Part 1 of this series frames this CLOUD vision, so that Part 2, which explains our journey, can be better understood in this new context. Patient portals are one easy example of how words can be co-opted and used beyond their actual meaning. Is a patient portal really patient-centric when the “portal” requires a patient to log-in to a website connected to a specific system at a specific hospital or provider? On a patient’s healthcare journey, there are likely dozens of touch-points with various healthcare providers, it is simply not patient-centric when to access needed information, the patient must log-in to all these different portals and then collate and aggregate the data. Although the interface is graphically oriented because of HTML and the Web, it really is nothing more than a 21st century terminal log-in to a centralized system. New tools at all levels but old information technology (IT) thinking, not human-centric.
Another word that is starting to pop up more frequently is ecosystem. At my talk in Rome at TEDxTrastevere last fall, I reflected on this concept, going further than my original comment at TEDxAustin a few years earlier. In my talk at TEDxAustin on “Reweaving the Fabric of the Internet to Transform Humanity,” I said the following, “from the perspective of a raindrop, there is no such thing as a cloud.” At TEDxTrastevere, in my talk titled, “Can a New Internet Change the Human Ecosystem,” I went further in this line of thinking and put out this challenge. “Can we create a human ecosystem, capable of harnessing the same force of raindrops in the water ecosystem? Can 7B human beings acting together carve a canyon through the heart of cancer?”

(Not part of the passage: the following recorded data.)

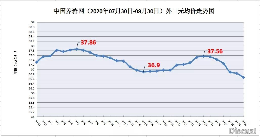 2020年08月31日,據豬價系統數據監測:生豬(外三元)均價為36.78元/公斤,豬價較30日上漲0.12元/公斤;生 豬(內三元)均價為36.10元/公斤,豬價較30日上漲0.29元/公斤;生豬(土雜豬)均價為35.62元/公斤,豬價較3 ...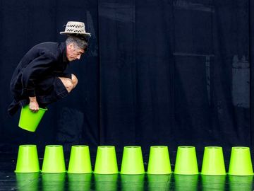 Dans ce spectacle muet, Bakéké, un personnage audacieux, vêtu d’une blouse noire et d’un chapeau de paille, s’acharne à ériger des constructions géométriques à l’aide de simples seaux. Rêveur et obstiné, il poursuit une perfection insaisissable, au risque de sombrer dans l’absurde. Bakéké (qui signifie « seau » en langue hawaïenne) choisit de transformer ses défaites en terrain de jeu.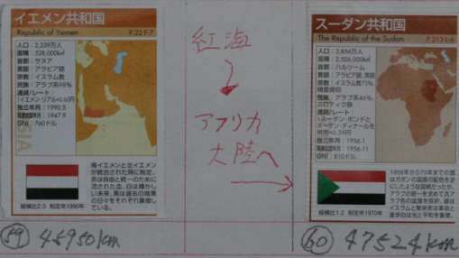 9月30日付け更新 チーム合計2537km 世界一周総合ー47524km 個人距離ー出海518km、米沢(直)376km、堂谷349km、北川272km、 中村327km、村西300km、長田254km、新保102km、米沢31km、谷8km 出海さんの一日の練習距離が、偶数より奇数が多くなるのは自分には気持ちよくわかります。さて、なぜでしょう? 先月、オマーン〜イエメン(サヌア)へ向かう途中で更新が終えてると思います。ちょっと計算ミスでイエメン(サヌア)まで、あと1600kmあります。 と、いう事でイエメン(サヌア)45950km〜メッカ46850km〜アラブ首長国連邦に別れを告げて。。。。紅海をまたいでやっとアフリカ大陸上陸ダー^^イェイ^^イェイ^^イェ〜イ^^盛り上がれー。で、アフリカ大陸、ジェッタ〜スーダン(ハルツーム)47524kmです。 59イエメン,60スーダン |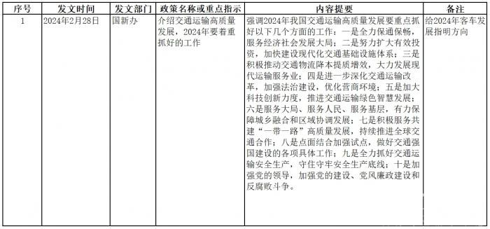 评析:客车行业是我国具体运输业中一个不可分割的部分。从国新办发布的2024年交通运输也要着抓好的工作来看,2024年客车行业的主要增长点在:
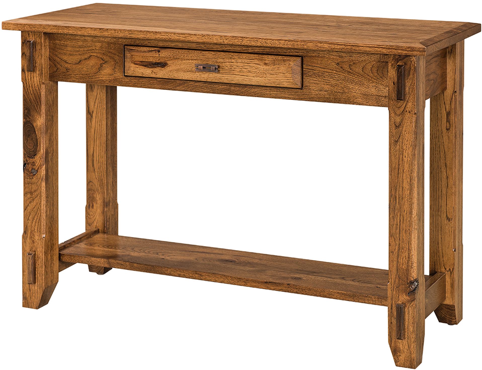 With its Mission-style boldness, exposed tenon accents and open design, the Tacoma Open Sofa Table is sure to enhance the ambience of your living room. So imagine this table decked out with your favorite flowers, table lamp and photos! Also, the drawer opens full-extension. So you’ll gain easy access to everything inside. While its dovetail joints speak to the durability of the table. Amish artisans build each table. And they use top hardwoods. Like cherry, maple and oak. So the Tacoma Open Sofa Table is heirloom-quality! Options abound. They include a soft-close drawer. A live edge top. Also an attached power strip. Now, make it yours. Simply complete the customizing fields below. With your choices for wood specie, finish and more. Or call 855-768-3270.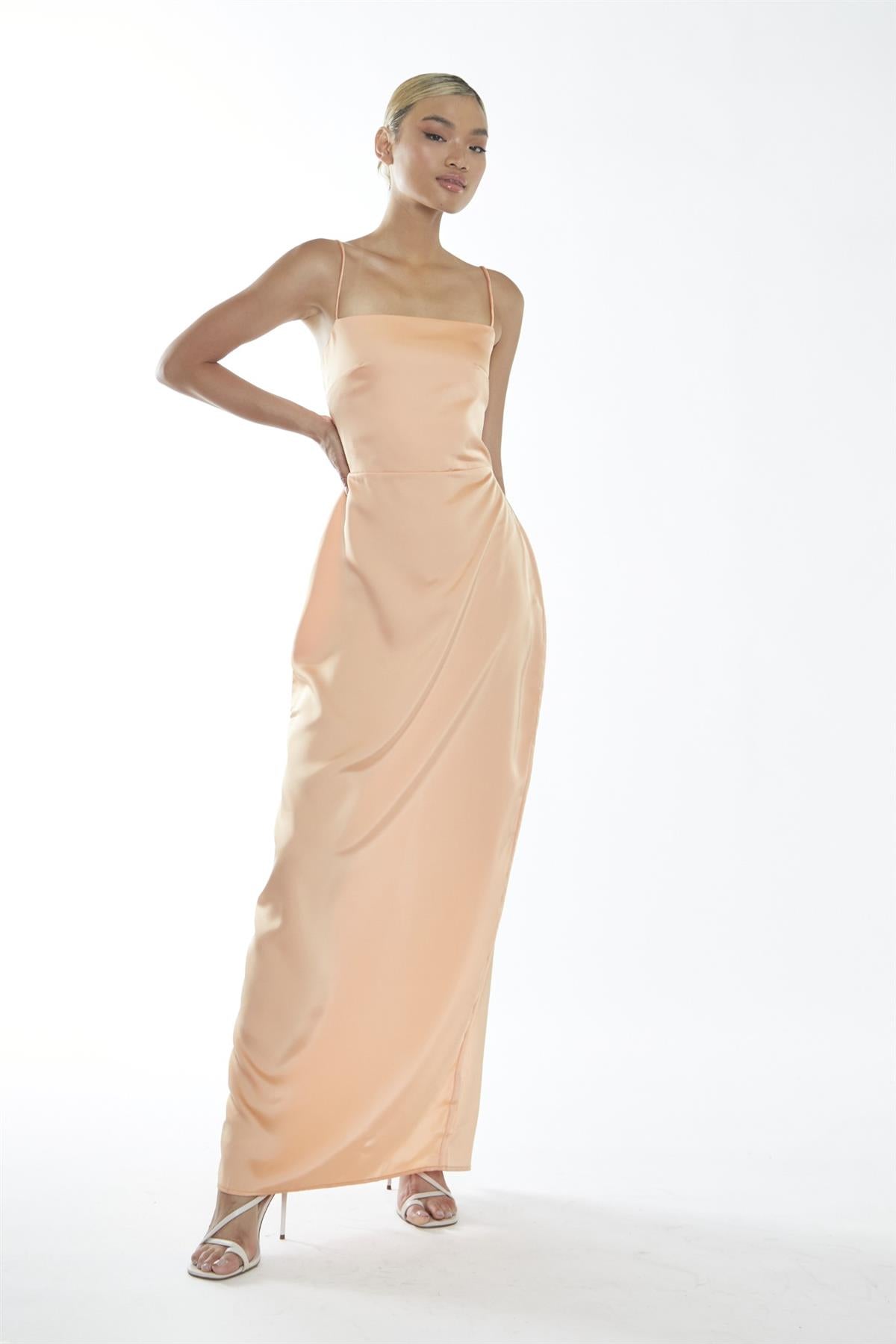 Glamorous Studio Women's Peach Spaghetti Strap Maxi-Dress. This dreamy maxi dress is all about effortless elegance and comfort. With its spaghetti straps and sleeveless design, it’s lightweight and perfect for warmer days or layering with a cozy cardigan on cooler evenings. The leg split adds a playful touch, giving you freedom to move while adding a bit of flair to the flowing silhouette. The concealed zip fastening at the back keeps the look sleek and polished, making it easy to wear without taking away from the dress's clean lines. Pair it with sandals for a relaxed daytime vibe or dress it up with heels and delicate jewellery for a special occasion. The soft fabric drapes beautifully, making this dress as comfortable as it is stunning. It’s one of those pieces that feels just right for everything from casual strolls to elegant dinners.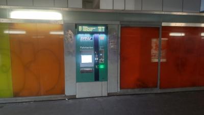 通路の壁に券売機が埋め込まれていました。空港まで6.6ユーロです。機械...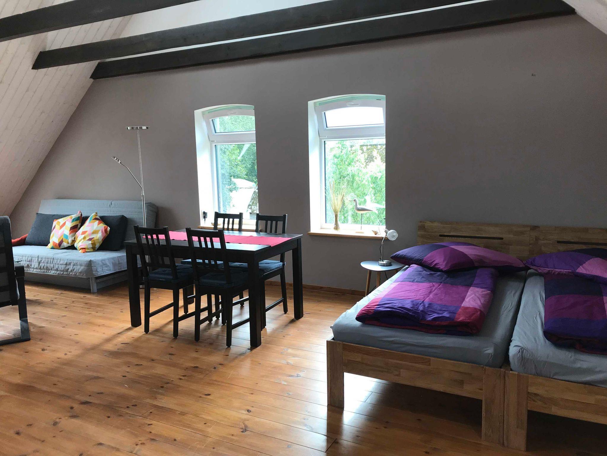 Unsere 2 liebevoll eingerichteten Maisonettes befinden sich im Dachgeschoss unseres Hauses und bieten Platz für 4 und 6 Personen. In der großzügigen Küche - Nutzung durch 2 Ferienwohnungen - könnt ihr euch selbst versorgen und auf Wunsch Kontakt zu anderen Gästen knüpfen.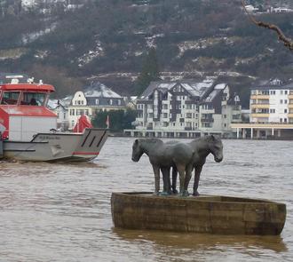 Die Treidelpferde am Kripper Rheinufer hatten zunächst noch trockene Hufe, als Vater Rhein gleich zu Beginn des neuen Jahres aus seinem Bett trat.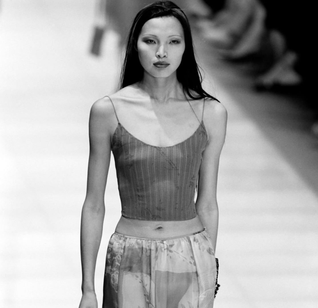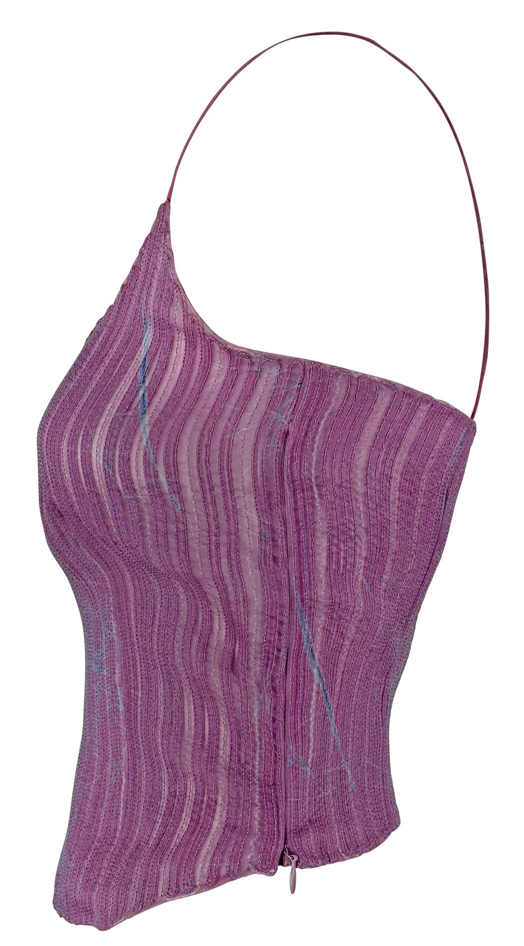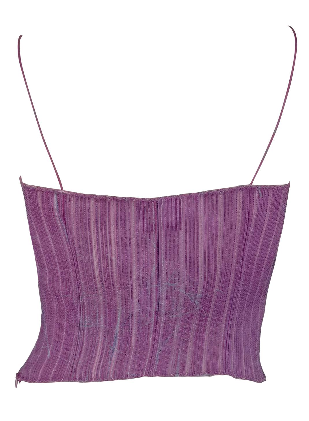 This sheer purple tank top from Giorgio Armani's Spring/Summer 2000 runway collection is crafted from delicate embroidered silk. Designed with a subtle cropped cut, the piece features tonal vertical stitching and fine spaghetti straps, showcasing Armani's refined, minimalist approach to feminine dressing.

The key to an ecosystem is that it is dynamic. It has no center. It is fluid. One hospital or medical center simply can’t be an ecosystem. As I noted in my TEDx talk at Rome, the same raindrop that flows in a river at one moment could be evaporating in the next moment, rising back up into a new cloud, a cloud that might last only a few moments or might erupt into an anvil cloud, unleashing not just torrents of rain but lightning as well, as the raindrops collide with each other.
In the case of Maureen and my journey this past week, this evolved thinking on ecosystems is vital, because in order to be patient-centric, we need first to be human-centric. In order for our ecosystem of personal cancer care to have any meaning, we needed our “raindrops” to collide with other raindrops in our own unique cloud. Our oncologist at MD Anderson in Houston, our new friend at Texas Oncology in Dallas, as well as our primary oncologist at Texas Oncology here in Austin are all vital components of our cancer ecosystem. Success in our fight with cancer will not come from patient-centric thinking but instead from human-centric thinking, because we are only one player, one raindrop, in this larger ecosystem. Like clouds and rain, these interactions occur in the context of a larger ecosystem, a system that is constantly evolving. More on that in Part 2…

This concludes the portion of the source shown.